**Task directions**: Using the records below, output the stretch that opens with the line containing "从这张表格中可以看出,南京铁" and closes with the line containing "Анджелина Джоли присоединилась", exactly and including both lines, with nothing more.

**Items from a data source**:
• • • • •

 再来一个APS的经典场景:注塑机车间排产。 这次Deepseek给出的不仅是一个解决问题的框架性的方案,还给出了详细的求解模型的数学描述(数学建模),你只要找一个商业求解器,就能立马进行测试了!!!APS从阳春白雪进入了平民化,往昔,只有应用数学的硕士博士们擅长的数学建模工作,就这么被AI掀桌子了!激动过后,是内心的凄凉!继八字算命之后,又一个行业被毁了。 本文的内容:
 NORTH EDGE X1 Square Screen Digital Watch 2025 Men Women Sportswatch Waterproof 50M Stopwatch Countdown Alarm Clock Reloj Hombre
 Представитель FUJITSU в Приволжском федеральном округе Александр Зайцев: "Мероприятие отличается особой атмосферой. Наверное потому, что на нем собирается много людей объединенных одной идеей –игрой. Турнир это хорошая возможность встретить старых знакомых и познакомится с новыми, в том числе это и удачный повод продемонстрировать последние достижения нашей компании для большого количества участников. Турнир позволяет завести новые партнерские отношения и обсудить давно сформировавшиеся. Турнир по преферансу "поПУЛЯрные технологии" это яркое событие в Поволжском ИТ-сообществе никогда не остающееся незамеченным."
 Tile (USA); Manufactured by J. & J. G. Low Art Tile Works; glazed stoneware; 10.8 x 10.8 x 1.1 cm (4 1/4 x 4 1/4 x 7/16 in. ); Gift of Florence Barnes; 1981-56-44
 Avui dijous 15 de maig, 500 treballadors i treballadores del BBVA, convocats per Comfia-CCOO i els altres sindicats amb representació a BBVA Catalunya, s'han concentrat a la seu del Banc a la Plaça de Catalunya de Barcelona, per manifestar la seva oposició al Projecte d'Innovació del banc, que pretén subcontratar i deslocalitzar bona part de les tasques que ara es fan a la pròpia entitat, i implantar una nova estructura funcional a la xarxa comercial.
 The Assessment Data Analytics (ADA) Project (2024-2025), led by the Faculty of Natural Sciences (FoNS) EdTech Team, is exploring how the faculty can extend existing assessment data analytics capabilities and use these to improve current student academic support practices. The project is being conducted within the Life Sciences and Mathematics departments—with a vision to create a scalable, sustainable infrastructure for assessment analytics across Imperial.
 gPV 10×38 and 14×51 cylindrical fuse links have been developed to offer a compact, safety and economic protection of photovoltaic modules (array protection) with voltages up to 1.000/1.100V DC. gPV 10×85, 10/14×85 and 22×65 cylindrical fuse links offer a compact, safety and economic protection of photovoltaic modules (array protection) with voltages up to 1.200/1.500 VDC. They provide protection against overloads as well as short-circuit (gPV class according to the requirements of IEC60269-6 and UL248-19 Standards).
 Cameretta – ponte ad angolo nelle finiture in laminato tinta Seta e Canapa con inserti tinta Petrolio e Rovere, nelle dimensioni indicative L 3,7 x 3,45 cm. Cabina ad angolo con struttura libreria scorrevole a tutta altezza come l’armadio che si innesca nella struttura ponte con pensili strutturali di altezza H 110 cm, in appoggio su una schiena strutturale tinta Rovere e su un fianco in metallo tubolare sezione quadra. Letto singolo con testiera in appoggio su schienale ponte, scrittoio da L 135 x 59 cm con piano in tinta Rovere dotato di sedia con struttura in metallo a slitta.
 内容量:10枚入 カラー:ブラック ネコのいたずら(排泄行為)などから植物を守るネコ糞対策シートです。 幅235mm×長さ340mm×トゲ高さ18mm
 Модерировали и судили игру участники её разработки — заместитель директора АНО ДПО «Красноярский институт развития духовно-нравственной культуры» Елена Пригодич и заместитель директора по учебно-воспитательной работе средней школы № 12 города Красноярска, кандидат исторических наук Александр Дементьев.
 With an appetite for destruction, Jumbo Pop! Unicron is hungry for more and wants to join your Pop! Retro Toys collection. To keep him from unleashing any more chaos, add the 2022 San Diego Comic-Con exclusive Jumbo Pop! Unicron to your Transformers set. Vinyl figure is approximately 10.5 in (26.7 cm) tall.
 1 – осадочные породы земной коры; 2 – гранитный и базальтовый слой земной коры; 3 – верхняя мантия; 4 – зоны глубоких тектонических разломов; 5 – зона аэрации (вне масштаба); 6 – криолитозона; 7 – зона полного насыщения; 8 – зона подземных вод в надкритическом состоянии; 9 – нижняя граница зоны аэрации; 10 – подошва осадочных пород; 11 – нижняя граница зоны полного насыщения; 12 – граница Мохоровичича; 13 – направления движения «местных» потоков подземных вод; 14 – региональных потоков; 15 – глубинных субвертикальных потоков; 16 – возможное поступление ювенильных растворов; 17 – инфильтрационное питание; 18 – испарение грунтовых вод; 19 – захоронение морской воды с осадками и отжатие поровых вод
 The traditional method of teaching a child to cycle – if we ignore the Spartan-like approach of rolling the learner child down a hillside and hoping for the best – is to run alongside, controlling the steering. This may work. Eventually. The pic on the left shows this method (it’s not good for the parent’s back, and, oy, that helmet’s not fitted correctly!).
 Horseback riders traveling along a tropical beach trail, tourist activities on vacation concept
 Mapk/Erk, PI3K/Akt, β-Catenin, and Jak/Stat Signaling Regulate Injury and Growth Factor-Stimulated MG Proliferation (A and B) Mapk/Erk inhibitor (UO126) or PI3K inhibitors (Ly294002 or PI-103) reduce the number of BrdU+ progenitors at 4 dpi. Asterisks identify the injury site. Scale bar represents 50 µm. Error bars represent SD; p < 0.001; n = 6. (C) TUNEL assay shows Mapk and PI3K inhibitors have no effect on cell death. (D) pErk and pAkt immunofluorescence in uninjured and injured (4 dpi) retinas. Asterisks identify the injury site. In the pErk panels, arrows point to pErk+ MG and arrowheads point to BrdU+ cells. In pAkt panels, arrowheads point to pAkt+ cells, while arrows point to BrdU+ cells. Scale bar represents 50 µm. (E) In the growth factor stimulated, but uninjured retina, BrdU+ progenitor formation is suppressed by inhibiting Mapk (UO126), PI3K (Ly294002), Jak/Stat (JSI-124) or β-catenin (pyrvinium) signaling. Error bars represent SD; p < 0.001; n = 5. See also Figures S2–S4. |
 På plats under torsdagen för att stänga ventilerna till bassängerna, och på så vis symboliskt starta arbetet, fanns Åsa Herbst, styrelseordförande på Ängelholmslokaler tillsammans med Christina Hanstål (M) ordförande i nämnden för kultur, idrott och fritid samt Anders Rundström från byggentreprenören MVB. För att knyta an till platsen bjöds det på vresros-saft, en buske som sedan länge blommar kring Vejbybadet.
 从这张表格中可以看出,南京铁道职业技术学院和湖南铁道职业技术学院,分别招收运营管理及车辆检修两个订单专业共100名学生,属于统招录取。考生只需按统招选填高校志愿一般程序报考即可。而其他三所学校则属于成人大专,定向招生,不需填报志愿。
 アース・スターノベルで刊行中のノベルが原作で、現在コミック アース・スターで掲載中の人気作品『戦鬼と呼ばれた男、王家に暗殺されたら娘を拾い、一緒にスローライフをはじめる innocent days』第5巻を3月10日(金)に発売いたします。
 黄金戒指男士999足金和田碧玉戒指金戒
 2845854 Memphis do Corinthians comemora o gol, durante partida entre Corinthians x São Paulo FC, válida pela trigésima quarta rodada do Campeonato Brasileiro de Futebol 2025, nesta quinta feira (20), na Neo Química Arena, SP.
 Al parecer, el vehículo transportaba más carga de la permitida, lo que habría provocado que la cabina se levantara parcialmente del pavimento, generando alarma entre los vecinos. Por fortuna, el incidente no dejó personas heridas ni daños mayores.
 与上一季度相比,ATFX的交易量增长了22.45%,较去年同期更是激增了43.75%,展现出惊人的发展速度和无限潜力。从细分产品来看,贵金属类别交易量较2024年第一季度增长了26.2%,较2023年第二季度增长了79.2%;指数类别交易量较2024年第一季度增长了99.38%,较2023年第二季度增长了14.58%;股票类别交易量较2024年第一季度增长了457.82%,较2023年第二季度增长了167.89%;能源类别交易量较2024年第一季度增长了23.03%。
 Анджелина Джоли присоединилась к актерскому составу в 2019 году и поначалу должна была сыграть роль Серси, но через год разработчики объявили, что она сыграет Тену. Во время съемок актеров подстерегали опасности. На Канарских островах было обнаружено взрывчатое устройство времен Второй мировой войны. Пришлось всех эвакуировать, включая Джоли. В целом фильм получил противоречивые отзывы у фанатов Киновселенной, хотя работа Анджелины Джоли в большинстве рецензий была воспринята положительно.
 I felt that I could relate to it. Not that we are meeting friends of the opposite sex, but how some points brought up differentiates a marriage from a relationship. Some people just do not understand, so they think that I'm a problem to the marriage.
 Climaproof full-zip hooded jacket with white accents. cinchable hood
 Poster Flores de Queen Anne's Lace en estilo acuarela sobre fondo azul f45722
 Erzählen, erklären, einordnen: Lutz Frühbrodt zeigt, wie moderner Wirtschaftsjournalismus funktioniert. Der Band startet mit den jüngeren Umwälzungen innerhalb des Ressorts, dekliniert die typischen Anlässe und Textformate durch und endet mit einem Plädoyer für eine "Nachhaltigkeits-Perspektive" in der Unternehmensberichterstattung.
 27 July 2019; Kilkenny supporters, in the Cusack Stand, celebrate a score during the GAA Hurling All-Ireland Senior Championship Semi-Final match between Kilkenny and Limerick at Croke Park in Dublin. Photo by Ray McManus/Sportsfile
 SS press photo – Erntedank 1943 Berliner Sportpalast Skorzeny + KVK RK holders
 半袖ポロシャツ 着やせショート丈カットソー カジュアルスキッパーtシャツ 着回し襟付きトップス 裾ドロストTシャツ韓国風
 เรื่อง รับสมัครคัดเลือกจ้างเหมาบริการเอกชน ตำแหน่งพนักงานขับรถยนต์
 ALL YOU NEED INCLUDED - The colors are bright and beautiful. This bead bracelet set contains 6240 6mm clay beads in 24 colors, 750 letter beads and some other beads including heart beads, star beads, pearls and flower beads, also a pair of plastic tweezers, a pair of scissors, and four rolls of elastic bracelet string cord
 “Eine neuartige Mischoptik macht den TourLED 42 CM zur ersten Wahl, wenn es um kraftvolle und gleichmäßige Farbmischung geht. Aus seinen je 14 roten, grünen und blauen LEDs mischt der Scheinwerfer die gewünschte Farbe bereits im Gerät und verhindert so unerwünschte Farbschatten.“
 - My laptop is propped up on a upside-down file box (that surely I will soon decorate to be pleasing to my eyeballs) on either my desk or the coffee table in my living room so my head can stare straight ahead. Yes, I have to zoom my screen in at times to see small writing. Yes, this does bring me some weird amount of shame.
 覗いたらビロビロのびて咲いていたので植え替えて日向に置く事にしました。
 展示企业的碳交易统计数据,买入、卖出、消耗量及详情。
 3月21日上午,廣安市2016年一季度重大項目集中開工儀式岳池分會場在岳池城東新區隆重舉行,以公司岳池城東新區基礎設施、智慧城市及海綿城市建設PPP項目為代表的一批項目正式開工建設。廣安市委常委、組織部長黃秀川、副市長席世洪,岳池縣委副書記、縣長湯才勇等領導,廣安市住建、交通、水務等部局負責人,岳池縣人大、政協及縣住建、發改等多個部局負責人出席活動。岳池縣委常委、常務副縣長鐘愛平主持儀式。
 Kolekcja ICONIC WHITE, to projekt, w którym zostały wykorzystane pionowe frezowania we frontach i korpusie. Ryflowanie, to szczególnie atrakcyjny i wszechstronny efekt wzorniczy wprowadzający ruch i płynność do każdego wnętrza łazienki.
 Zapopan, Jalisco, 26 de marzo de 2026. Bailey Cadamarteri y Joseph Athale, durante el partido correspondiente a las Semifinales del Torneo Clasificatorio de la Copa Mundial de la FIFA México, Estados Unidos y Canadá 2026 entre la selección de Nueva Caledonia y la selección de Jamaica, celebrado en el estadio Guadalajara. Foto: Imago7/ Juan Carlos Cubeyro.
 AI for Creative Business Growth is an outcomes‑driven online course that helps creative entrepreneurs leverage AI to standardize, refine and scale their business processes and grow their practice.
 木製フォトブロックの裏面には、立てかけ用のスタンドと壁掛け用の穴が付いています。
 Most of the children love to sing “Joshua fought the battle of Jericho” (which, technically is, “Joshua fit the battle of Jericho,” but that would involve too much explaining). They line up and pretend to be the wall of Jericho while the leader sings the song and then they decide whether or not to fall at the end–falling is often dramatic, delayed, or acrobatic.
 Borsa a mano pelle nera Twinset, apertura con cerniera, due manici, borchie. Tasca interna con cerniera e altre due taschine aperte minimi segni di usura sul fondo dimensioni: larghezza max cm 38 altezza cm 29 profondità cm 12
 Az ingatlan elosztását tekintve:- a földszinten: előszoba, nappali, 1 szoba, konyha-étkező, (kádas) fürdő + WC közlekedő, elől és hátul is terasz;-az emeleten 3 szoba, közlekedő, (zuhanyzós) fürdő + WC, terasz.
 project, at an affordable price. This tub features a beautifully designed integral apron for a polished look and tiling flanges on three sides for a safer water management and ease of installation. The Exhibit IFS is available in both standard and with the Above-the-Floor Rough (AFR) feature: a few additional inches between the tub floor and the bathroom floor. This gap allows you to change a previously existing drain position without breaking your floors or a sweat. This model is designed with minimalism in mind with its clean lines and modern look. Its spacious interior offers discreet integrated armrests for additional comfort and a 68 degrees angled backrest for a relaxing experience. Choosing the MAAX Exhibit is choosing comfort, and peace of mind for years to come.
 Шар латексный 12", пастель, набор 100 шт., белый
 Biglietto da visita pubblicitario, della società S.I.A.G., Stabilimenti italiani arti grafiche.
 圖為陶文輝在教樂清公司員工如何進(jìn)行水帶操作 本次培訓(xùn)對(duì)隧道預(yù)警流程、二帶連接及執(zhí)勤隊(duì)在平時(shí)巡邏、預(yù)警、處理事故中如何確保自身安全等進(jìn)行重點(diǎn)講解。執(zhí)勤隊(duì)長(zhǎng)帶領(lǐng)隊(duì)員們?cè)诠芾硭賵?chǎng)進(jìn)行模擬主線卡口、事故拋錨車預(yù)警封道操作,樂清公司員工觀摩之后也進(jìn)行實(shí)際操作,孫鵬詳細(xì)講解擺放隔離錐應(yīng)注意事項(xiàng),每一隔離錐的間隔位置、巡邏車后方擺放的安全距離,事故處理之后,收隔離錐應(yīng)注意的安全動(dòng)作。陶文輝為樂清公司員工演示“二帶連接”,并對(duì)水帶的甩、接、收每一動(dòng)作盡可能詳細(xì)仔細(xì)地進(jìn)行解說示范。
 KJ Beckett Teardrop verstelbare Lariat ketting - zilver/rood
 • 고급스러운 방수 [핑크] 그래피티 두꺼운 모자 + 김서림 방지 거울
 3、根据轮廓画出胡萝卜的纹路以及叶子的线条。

• • • • •

**Your solution**:
 从这张表格中可以看出,南京铁道职业技术学院和湖南铁道职业技术学院,分别招收运营管理及车辆检修两个订单专业共100名学生,属于统招录取。考生只需按统招选填高校志愿一般程序报考即可。而其他三所学校则属于成人大专,定向招生,不需填报志愿。
 アース・スターノベルで刊行中のノベルが原作で、現在コミック アース・スターで掲載中の人気作品『戦鬼と呼ばれた男、王家に暗殺されたら娘を拾い、一緒にスローライフをはじめる innocent days』第5巻を3月10日(金)に発売いたします。
 黄金戒指男士999足金和田碧玉戒指金戒
 2845854 Memphis do Corinthians comemora o gol, durante partida entre Corinthians x São Paulo FC, válida pela trigésima quarta rodada do Campeonato Brasileiro de Futebol 2025, nesta quinta feira (20), na Neo Química Arena, SP.
 Al parecer, el vehículo transportaba más carga de la permitida, lo que habría provocado que la cabina se levantara parcialmente del pavimento, generando alarma entre los vecinos. Por fortuna, el incidente no dejó personas heridas ni daños mayores.
 与上一季度相比,ATFX的交易量增长了22.45%,较去年同期更是激增了43.75%,展现出惊人的发展速度和无限潜力。从细分产品来看,贵金属类别交易量较2024年第一季度增长了26.2%,较2023年第二季度增长了79.2%;指数类别交易量较2024年第一季度增长了99.38%,较2023年第二季度增长了14.58%;股票类别交易量较2024年第一季度增长了457.82%,较2023年第二季度增长了167.89%;能源类别交易量较2024年第一季度增长了23.03%。
 Анджелина Джоли присоединилась к актерскому составу в 2019 году и поначалу должна была сыграть роль Серси, но через год разработчики объявили, что она сыграет Тену. Во время съемок актеров подстерегали опасности. На Канарских островах было обнаружено взрывчатое устройство времен Второй мировой войны. Пришлось всех эвакуировать, включая Джоли. В целом фильм получил противоречивые отзывы у фанатов Киновселенной, хотя работа Анджелины Джоли в большинстве рецензий была воспринята положительно.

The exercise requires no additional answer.